Steve Letarte: I think this is a bigger global question. I don’t love the five-minute clock. I love the damaged vehicle policy. I love the fact that we don’t have wrecked cars riding around. I’m a big fan of not adding components to the race cars. I wish it wasn’t a clock. I wish it was a lap count. The clock is a little cumbersome and a little hard to explain and to understand when everything else on the race track is measured by laps.

I would just like to see a car after a certain amount of laps down, he’s done. I think that then you could make the extra crew member, perhaps, be a one-lap penalty. I would make speeding a one-lap penalty and anything else that is currently a timed or another penalty would all be an additional lap.

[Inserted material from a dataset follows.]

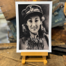 Will Seymour has created a truly captivating portrait of Vera Lynn, set above an evocative scene inspired by the street celebrations of Victory in Europe Day, 1945. Vera was a beloved singer whose voice became a symbol of hope during the Second World War. Affectionately known as the “Forces’ Sweetheart”, she travelled to Egypt, India and Burma to perform for the troops as part of the Entertainments National Service Association.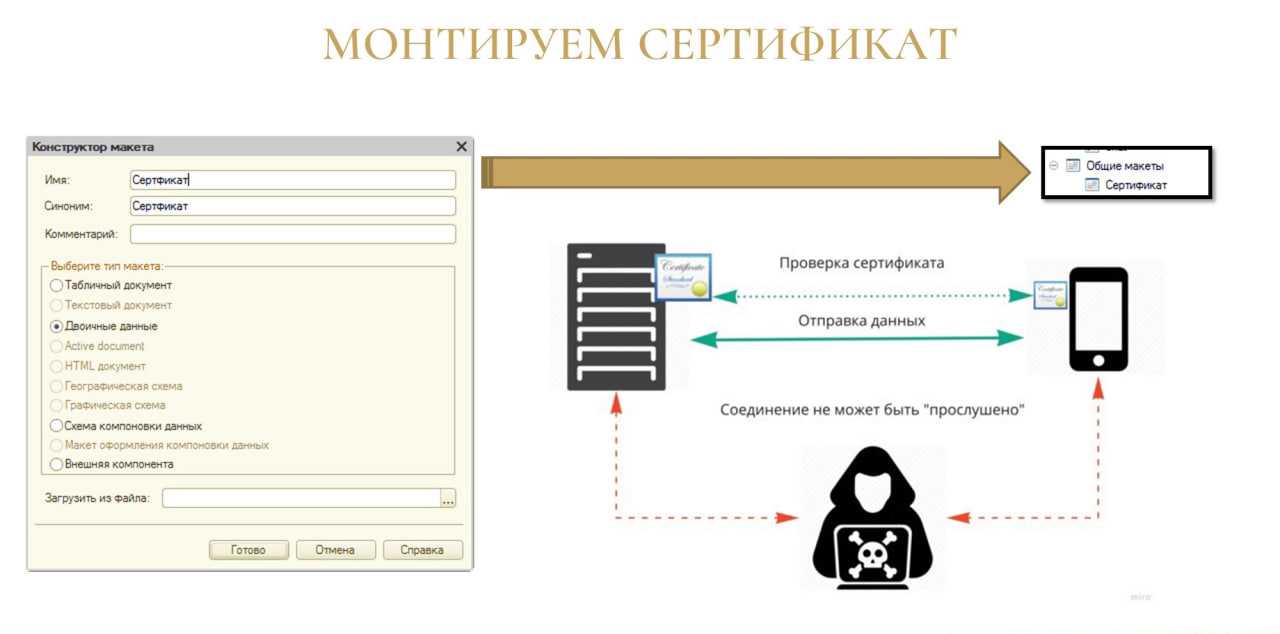 Как подключить сертификат к мобильному приложению ? Для этого мы создаем некий макет, преобразуем его в двоичные данные и помещаем туда сам файлик, который мы получили на предыдущем шаге.

Then it’s clear to people that you’re allowed x amount of laps, whether it’s five or 10 laps, it’s up to NASCAR to decide. I just think the damaged vehicle policy is a great addition to the sport, but much like a lot of policies, I think it would be tweaked over the offseason to be a little more straight forward.

Parker Kligerman: Well, this is a tricky one for me. As a driver it’s just not something I would pay attention to. That is the crew chief’s job. I don’t think there is a crew chief out there that would want their driver to even understand the intricacies of these types of rules. Their focus should be on driving the car and avoiding getting into these situations. With that said, as an analyst, I think it’s time to look at the litany of new rules that have been imposed on the sport in the last five years and ask what are we accomplishing? Is it safety? Is it fairer? Are the fans benefiting? 

So with those questions asked, in this instance, when you have an infraction that is so small and not much of a gain competitively, yet it precludes you from being able to race, the fans are not benefiting. 

I understand a rule is a rule and the 20 team broke the rule. But when we get into rules that stop a car from continuing in a race in front of fans who paid large sums to be at the track, and fans who have invested a lot of time in the year rooting that driver on from their homes. I think this rule needs a re-think.

Nate Ryan: Parking a car for having an extra man go over the wall to help repair a damaged car seems fairly draconian. It’s little confusing why the penalty has to have so much teeth with so many other conditions attached to the Damaged Vehicle Policy (the 5-minute clock, the necessity of making fixes in the pits). It’s been a fine addition that has met its primary objectives this season but just needs a few tweaks, which NASCAR assuredly will make.

Dustin Long: It makes sense that the policy be changed from a disqualification to a one-lap penalty. While the rule was applied correctly in the case of Matt Kenseth’s team, it does seem overly harsh and could be tweaked before next season.

NASCAR has announced rule changes or enforcement changes in driver meetings from time to time. Is that acceptable or should NASCAR do more to ensure all its competitors know about any changes or updates that are announced in the meeting?

Steve Letarte: I’m going to put my crew chief hat on and ask is it a rules change or an enforcement change? A rule change means there has to be language in the rule book that gets highlighted in red and gets sent out to all the competitors. This is where I struggle.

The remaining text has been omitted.